= Records for the exercise =
────────────────────
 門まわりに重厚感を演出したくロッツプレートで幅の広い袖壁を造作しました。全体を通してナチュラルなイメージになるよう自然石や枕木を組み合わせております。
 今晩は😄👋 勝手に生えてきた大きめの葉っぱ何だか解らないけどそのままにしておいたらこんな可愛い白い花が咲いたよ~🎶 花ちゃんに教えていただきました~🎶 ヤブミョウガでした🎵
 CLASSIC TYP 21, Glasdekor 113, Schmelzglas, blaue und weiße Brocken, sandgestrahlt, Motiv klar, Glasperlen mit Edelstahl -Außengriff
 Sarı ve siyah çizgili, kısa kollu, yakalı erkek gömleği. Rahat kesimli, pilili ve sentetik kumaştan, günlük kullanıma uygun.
────────────────────
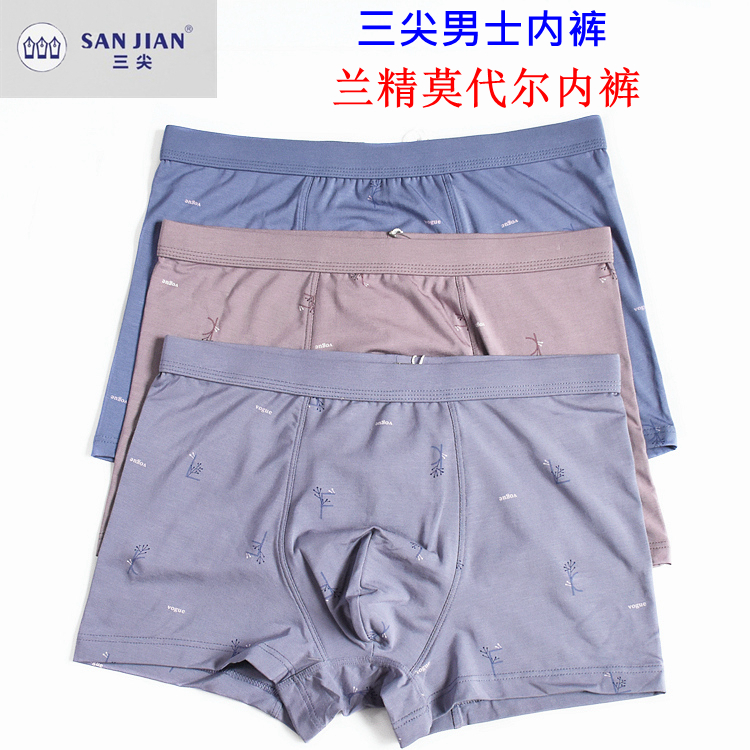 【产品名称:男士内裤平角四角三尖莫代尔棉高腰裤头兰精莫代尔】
────────────────────
= What to produce =
There is a line with "門まわりに重厚感を演出したく" and a line with "Sarı ve siyah" above. Copy exactly those two lines and all lines between them, with nothing else.

= Task output =
 門まわりに重厚感を演出したくロッツプレートで幅の広い袖壁を造作しました。全体を通してナチュラルなイメージになるよう自然石や枕木を組み合わせております。
 今晩は😄👋 勝手に生えてきた大きめの葉っぱ何だか解らないけどそのままにしておいたらこんな可愛い白い花が咲いたよ~🎶 花ちゃんに教えていただきました~🎶 ヤブミョウガでした🎵
 CLASSIC TYP 21, Glasdekor 113, Schmelzglas, blaue und weiße Brocken, sandgestrahlt, Motiv klar, Glasperlen mit Edelstahl -Außengriff
 Sarı ve siyah çizgili, kısa kollu, yakalı erkek gömleği. Rahat kesimli, pilili ve sentetik kumaştan, günlük kullanıma uygun.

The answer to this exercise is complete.